Managing User Settings
Users can customize their speech experience through the settings panel. The system provides controls for voice selection, playback speed, and automatic playback behavior. You can set default values that users can override:
app_config:
speech:
speechTab:
speechToText:
speechToText: true
engineSTT: external
languageSTT: en-US
textToSpeech:
textToSpeech: true
engineTTS: external
voice: Kore
playbackRate: 1.0
Monitoring Speech Usage
Speech services consume API credits based on audio duration and text length. OpenAI charges per minute of audio transcribed, while Gemini and Azure charge per character of text synthesized. You should monitor usage through your provider's dashboard and set appropriate rate limits to control costs.
The system logs all speech operations, including transcription requests, TTS generation, and any errors encountered. You can use these logs to track usage patterns, identify issues, and optimize your configuration for better performance and cost efficiency.
Troubleshooting Speech Issues
When speech features do not appear in the interface, verify that you have enabled the feature flags in your configuration and that the gateway has restarted to load the new settings. Check the browser console for any JavaScript errors that might prevent the speech controls from rendering.

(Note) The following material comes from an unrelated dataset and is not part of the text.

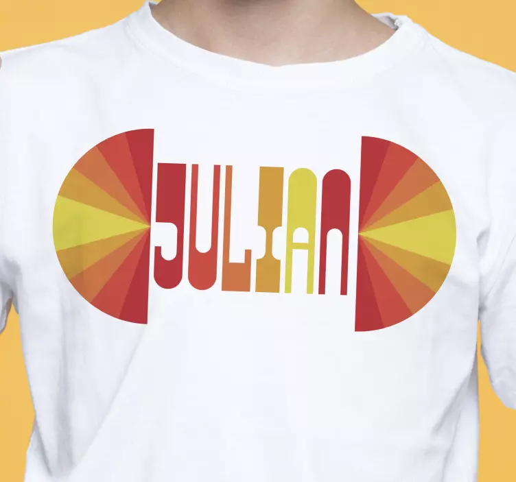 Referens: T4236Detta stiliga verk har en livlig namnvisning i fet typografi. Designen inkluderar varma färger som strålar i ett cirkulärt mönster, vilket skapar en iögonfallande fokuspunkt. Perfekt för att visa upp individualitet och en känsla för stil.

If transcription fails, confirm that your API keys are valid and that you have sufficient credits with your provider. The system returns specific error messages for common issues like unsupported audio formats, files that are too large, or API authentication failures.

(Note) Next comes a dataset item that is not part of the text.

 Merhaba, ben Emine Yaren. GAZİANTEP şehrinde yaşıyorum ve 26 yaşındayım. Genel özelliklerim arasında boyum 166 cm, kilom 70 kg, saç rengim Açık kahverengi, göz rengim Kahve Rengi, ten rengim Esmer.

For TTS problems, verify that your selected voice is available for your provider and region. Some voices require specific API versions or subscription tiers. The system falls back to default voices when requested voices are unavailable, but you should configure appropriate defaults to ensure consistent behavior.
Security Considerations
Audio data passes through your gateway to external speech providers. The system does not store audio recordings by default, but transcribed text becomes part of the conversation history. You should inform users about data handling practices and comply with relevant privacy regulations when processing voice data.
Integration Examples
For a complete working example, see the WebUI gateway configuration in templates/webui.yaml. This configuration demonstrates all speech settings with appropriate defaults and shows how to structure your YAML for production use.